What is Surplus?
- Surplus is the marginal social benefit of either producers or consumers.
Consumer Surplus
- Consumer surplus is the extra satisfaction or utility gained by consumers from paying a price that is lower than that which they are prepared to pay.
- On a graph it can be seen as the upper half of the triangle made by the supply and demand curves and the axis for price.
Producer Surplus
- Producer surplus is the excess of the actual earnings that a producer makes from a given quantity of output, over and above the amount the producer would be prepared to output.
- On a graph it can be seen as the lower half of the triangle made by the supply and demand curves and the axis for price.
Total Surplus
- Total surplus, also called community or social surplus, is the sum of producer surplus and consumer surplus.
- On a graph it is the area of the triangle made by the supply and demand curves and the axis for price.
Allocative Efficiency
- Allocative efficiency is the ideal combination of goods and services in a society.

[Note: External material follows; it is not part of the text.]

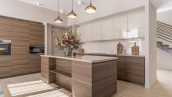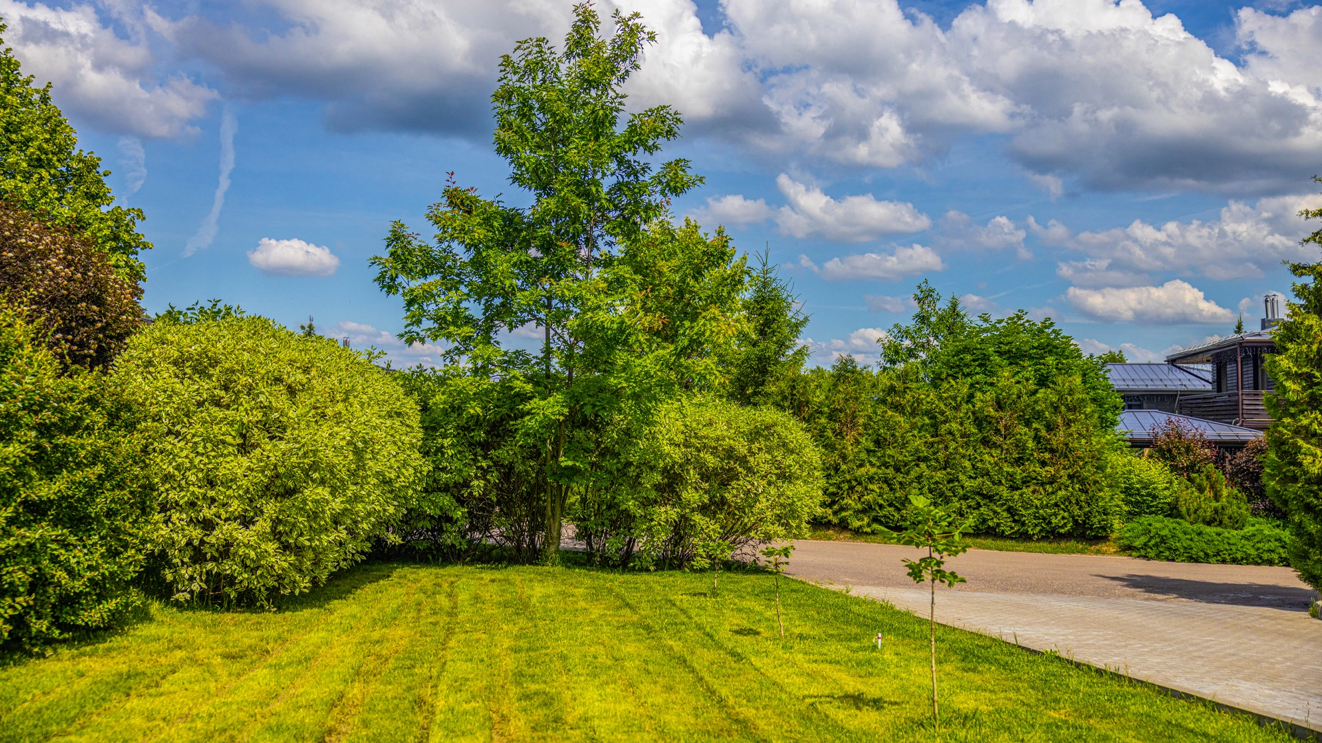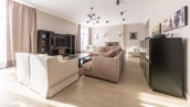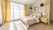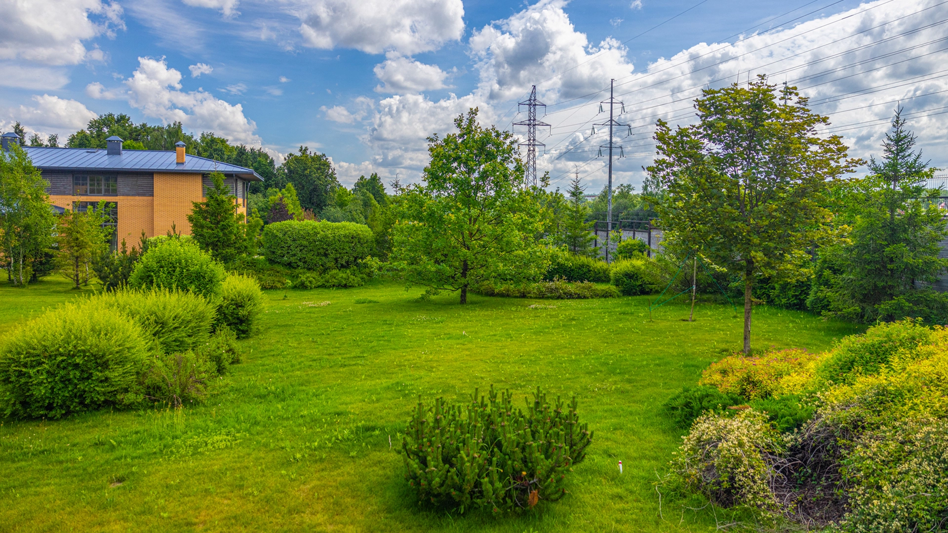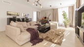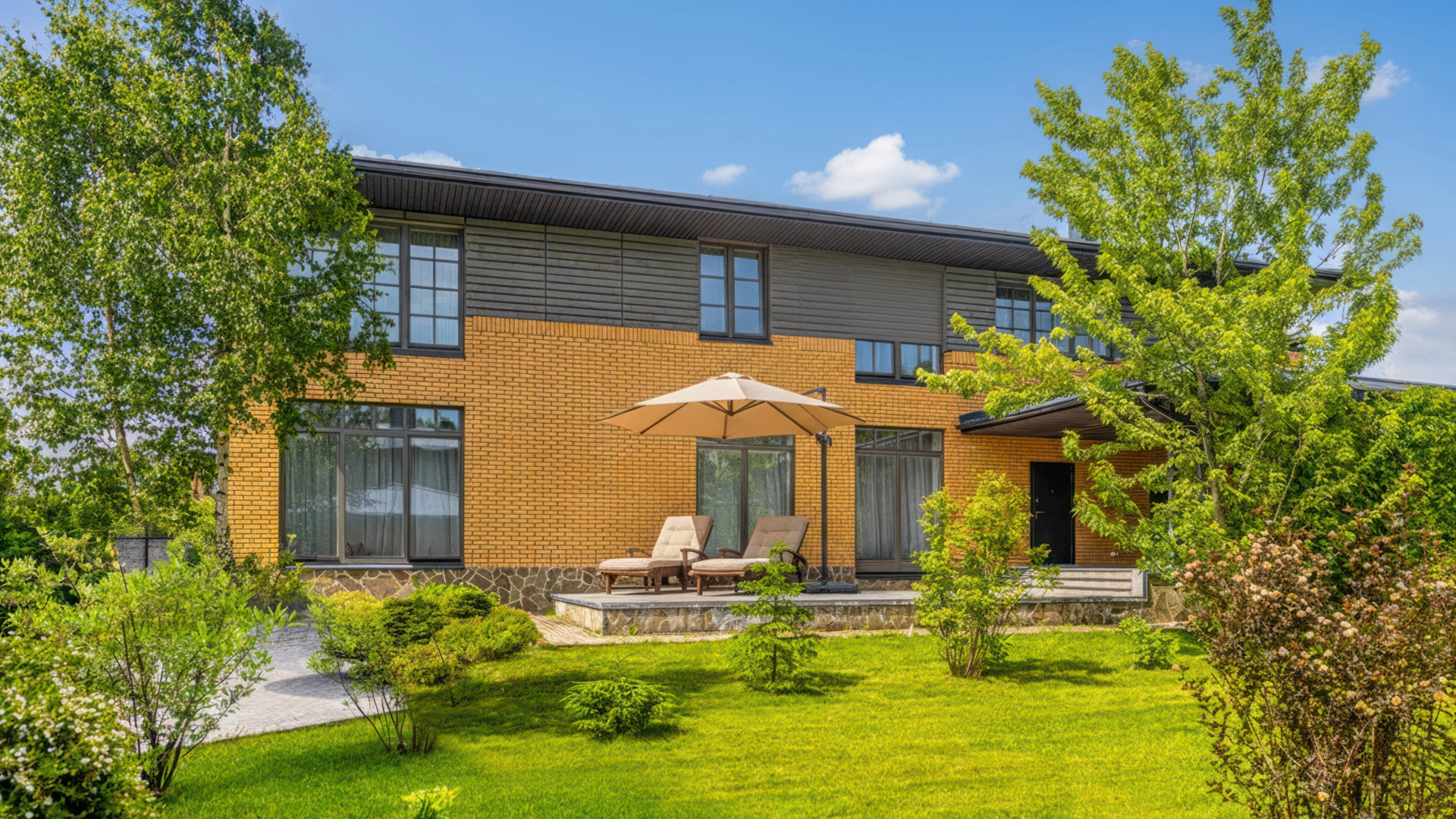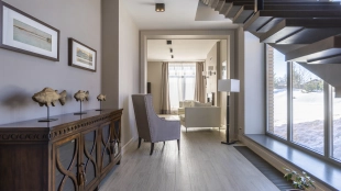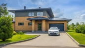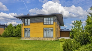 The 422 m² country house is built on a spacious field plot of 22 hectares. The facade of the building is faced with beige clinker brick and decorated with wood texture inserts. The interior is made in a modern style, in the finishing used on the walls paint and inserts of high-quality wallpaper, on the floor Italian tiles and engineering board, installed oak stairs and doors with natural veneer. The house is equipped with built-in closets and closets. The layout of the residence includes 6 bedrooms, a living room with a fireplace, a kitchen-dining room, a study and a terrace with a barbecue area. There is a garage for 2 cars.

- The market is socially efficient with no external influences and no external affects.
- In a free-market, the market will naturally correct itself to have allocative efficiency.
- Optimum allocation = optimum distribution of resources.
- Results in the maximum possible community surplus (CS + PS) at equilibrium (Qs = Qd).
Failure of Allocative Efficiency
- Failure to reach allocative efficiency results in a welfare loss.
- Not producing where Qs = Qd, meaning that there is a surplus loss.
- Allocative efficiency always occurs when there is government intervention.